Thanks in advance for your input.

--
Mike N


----------



## 30yearTech (Sep 14, 2006)

I cannot comment on any correspondence courses, as I have not seen them and do not know how comprehensive they might be. Most likely they will cover basic theory, but may not be very specific to any one brand. There is a lot more to repairs then just engine work, if you can find a shop willing to train you may be the best choice.

Best of Luck...


----------



## Twmaster (Aug 11, 2008)

Thanks 30+... I'm more than aware of what is involved more than 'just engines'. 

So the second part of my question... 

Worthwhile trade to get into or not??


----------



## 30yearTech (Sep 14, 2006)

You can make a living at it, I have for over 35 years. I am not wealthy by any means, but I can pay my bills.


----------



## Rentahusband (Aug 25, 2008)

I have been doing sm engine repair for friends, family and word of mouth for many years. My wife says I am obsessed with sm engines as i am either bringing one home or someone is dropping one off and I own 3 riders/push mowers. I do it as a hobby. My training consists of 3yrs of sm engines class in high school, hands on self training and repair manuals.
Just my 2 cents.
Good Luck.
Dean


----------



## chuck_thehammer (Oct 24, 2007)

I am a retired auto repair tech ( I think that is what they call us now)... I repair small engines at home. like 30year said, you will not get rich but you will always have some work to do.
In the times like this most people will want to repair stuff and not buy new.

Chuck


----------



## geogrubb (Jul 28, 2006)

I would suggest checking local Community Colleges and the Adult Classes held at a lot of High Schools if you want to attend some classes. You can never have too much education but with small engines it's experience, experience, experience the more you do it the more sense it makes. My $.02. Have a good one. Geo


----------



## Deathrite (May 21, 2009)

i would like to suggest a trade school. hands on is the best way to go. i understand you have been doing the work but a hands on school might expose you to new engines and parts. also things are starting to change for small engines.. so a school might at least warn ya of the comming fire and brimstone. 
our local tech "college" had 4 classes that totalled around $450 plus the odd book.


----------



## Twmaster (Aug 11, 2008)

Thank you for the suggestions folks. Agreed, education is good stuff. Once I get moved I'll look into what courses the local colleges offer.


----------



## GlynnC (May 9, 2009)

Rentahusbend--you and I have a lot in common. My wife says she's surprised I don't bring a trimmer or something to bed--and I guess I do, at least mentally! I'm always working on someones equip--neighbor, friend, customer, of maybe even one pulled out of a dumpster!

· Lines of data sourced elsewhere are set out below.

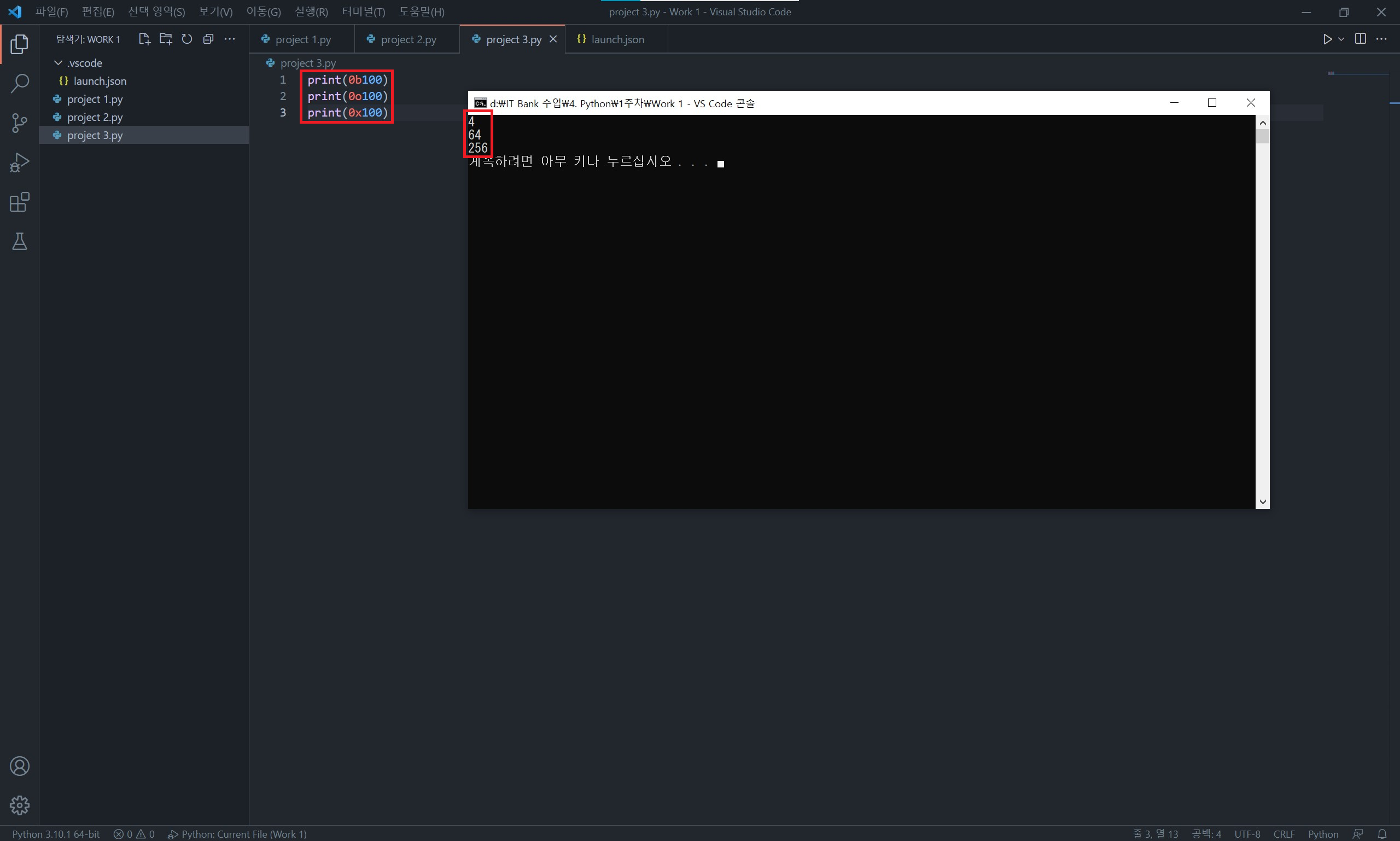 0b를 붙이면 이진법으로, 0o을 붙이면 8진법으로, 0x를 붙이면 16진법으로 출력됩니다.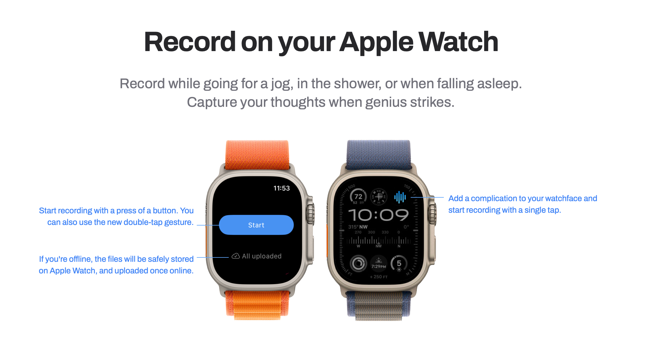 Watch OS app. Record on your Apple Watch, inspiration of an app in photo.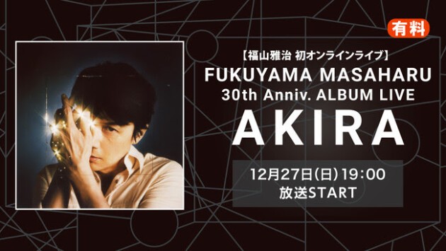 12月8日、福山雅治が6年8ヶ月ぶりとなるオリジナルアルバム「AKIRA」をリリース。そのアルバム全収録曲を披露する自身初のオンラインライブを開催。ニコニコ生放送ならではの、コメント機能で盛り上がろう。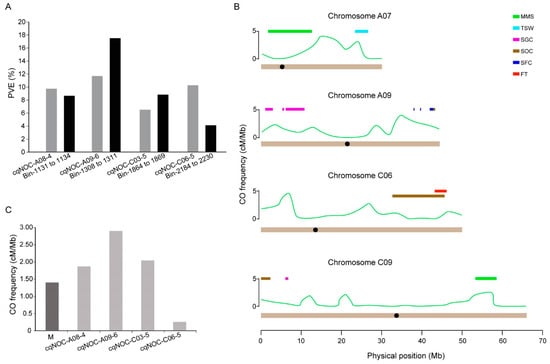 Aside from the trait of SOC, QTL for other five traits including flowering time (FT), seed glucosinolate content (SGC), seed fiber components (SFC), multi-main stem (MMS), and thousand seed weight (TSW) in the KN DH population were also successfully mapped on the bin map (Figure 5B and Figure S4 in the Supplementary Materials). Most of the QTL for these traits tended to be distributed far away from the centromere, while the MMS QTL on chromosome A07 across the centromere were rare. SFC and SOC QTL were linked to a whole interval on chromosome A09, and there was a common interval of SOC and FT QTL on chromosome C06.

My training has all been self taught--would love to have some type of formal training. As equip gets more complicated due to EPA, this may become more important. Working for commercial mowers has taken my work to a whole new level--it's not just gas lines, primer bulbs, fuel filters, and sparkplugs. (Example) Never have changed a clutch on homeowner unit--many on commercial units.

Working on units for money has also changed things--evaluation of defective unit and communication to owner prior to spending a boat load of money is critical. My commercial guys often choose to not have a unit repaired--just too many things wrong and parts and labor add up quickly!


----------



## Deathrite (May 21, 2009)

i agree with the communication of cost. most time we ask up front what would be an "OK" repair cost. most say around $50. the ones that say $20 we tell them to even get into it and see what is wrong will cost more then that. 
recently one of our commercial guys had an engine go out on a gravely. a big one. 72" cut. but he had been looking for en excuse to get new ones because he didnt really like the gravely. so no new engine. he picked it up and will use it for parts on the ones still running and look into new ones. 
other commercial people seem to not care about price they just want it fixed!

the work seems steady. we have only been open little over a year and we are getting constant work now. before the season is up we might have to hire part time help.


----------



## Bryanser (May 29, 2009)

*Unlimited Market*

I took the Foley Belsaw course some years ago. It really helped me find work in Golf Course Maintenance equipment mechanics. I also sold the Tecumseh for $2 or 300 bucks.


----------



## newz7151 (Oct 15, 2006)

Deathrite said:


> so no new engine. he picked it up and will use it for parts on the ones still running and look into new ones.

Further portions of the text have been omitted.